Erst vergangene Woche hatte «Al Ahram» die Demonstranten noch beschuldigt, Chaos zu verursachen und von Islamisten und ausländischen Mächten gesteuert zu sein. Dieser Ton änderte sich am Sonntag merklich: «Wir begrüssen die Revolution und respektieren ihre Jugend», schrieb Saraya in einem Editorial. «Es gab nur einige wenige Korrupte in Ägypten, die das Land zerstört haben, aber ihre Zeit ist nun vorbei.»

«Ich liebe ihn»

Ein langjähriger Kollege Sarayas bei «Al Ahram» sagte gegenüber der «Washington Post», er halte dessen Verwandlung für unglaubwürdig: «Diese Leute haben sehr enge Beziehungen zu den Sicherheitsbehörden in der Regierung. Sie sind bereit, jedem, der gerade an der Macht ist, ihre Seele zu verkaufen.»

Der Journalist gab weiter an, er habe Saraya letztes Jahr gebeten, die Zeitung vom Staat zu distanzieren, um ihre Glaubwürdigkeit zu bewahren. Die Auflage sei damals merklich gesunken und viele Leute hätten sich stattdessen über unabhängige Publikationen informiert. Saraya soll geantwortet haben: «Ich verstehe, aber dieser Mann ist unberührbar.» Dann zeigte er auf ein Porträt Mubaraks hinter seinem Schreibtisch und sagte: «Ich liebe ihn.» Laut der «Washington Post» ist das Porträt inzwischen aus seinem Büro verschwunden.

Polizisten halten sich selbst für Opfer

Auch die bei vielen Ägyptern verhasste Polizei ist nervös und hat sich angesichts der neuen Verhältnisse für die Flucht nach vorne entschieden. Am Montag veranstalteten sie eine eigene Kundgebung auf dem Tahrirplatz und skandierten «wir und das Volk gehören zusammen». Gegenüber der Nachrichtenagentur Reuters sagte der Polizist Mohammed Mestekawi: «Wir bitten die ägyptische Bevölkerung, uns nicht zu ächten.» Viele Beamte seien selbst Opfer des Systems gewesen und Korruption habe es nur in den oberen Rängen des Polizeiapparats gegeben.

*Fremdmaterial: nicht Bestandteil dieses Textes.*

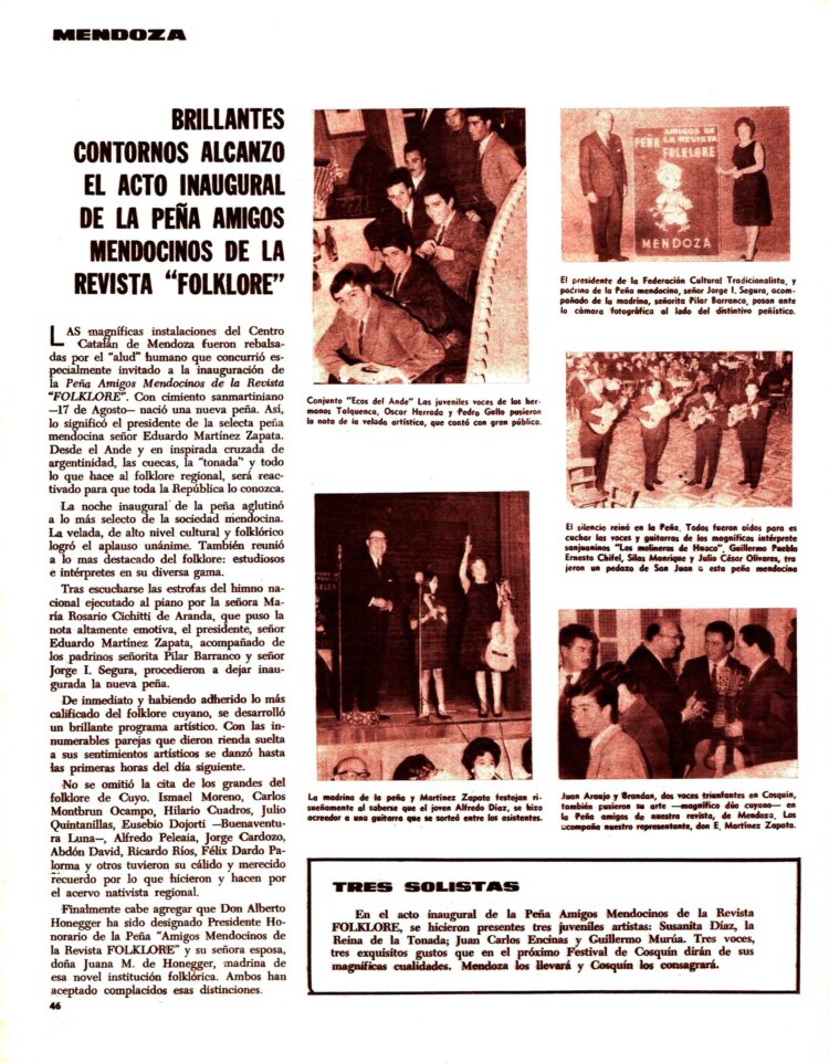 Se inauguraba en Mendoza la Peña Amigos de la Revista Folklore.

Sehr glaubwürdig klingt das in den Ohren der Demonstranten freilich nicht. «Das sind Mitläufer, die wollen die Revolution für sich beanspruchen», rief der aufgebrachte Samah Hassan. Als die Polizisten ihre gefallenen Kollegen als Märtyrer der Revolution bezeichneten, drohte die Lage zu eskalieren. Die Armee musste einschreiten, um Zusammenstösse zu verhindern, berichtet die «Los Angeles Times». Eine Frau schrie: «Ihr seid Diebe und Mörder, geht nach Hause und lasst uns in Frieden.»

Selbst an der ägyptischen Unterhaltungsmaschinerie geht die Zeitenwende nicht spurlos vorüber. Tamer Hosny, ein bekannter Popstar, hat einen Song zu Ehren der Revolution veröffentlicht. In den Tagen zuvor war er im Staatsfernsehen aufgetreten und hatte die Demonstranten gebeten, heimzugehen und die Krise in Ägypten zu beenden. Als er sich entschied, die Seiten zu wechseln und zum Tahrirplatz ging, vertrieben ihn die Demonstranten. Seine weinerliche Entschuldigung wurde auf YouTube zum Renner.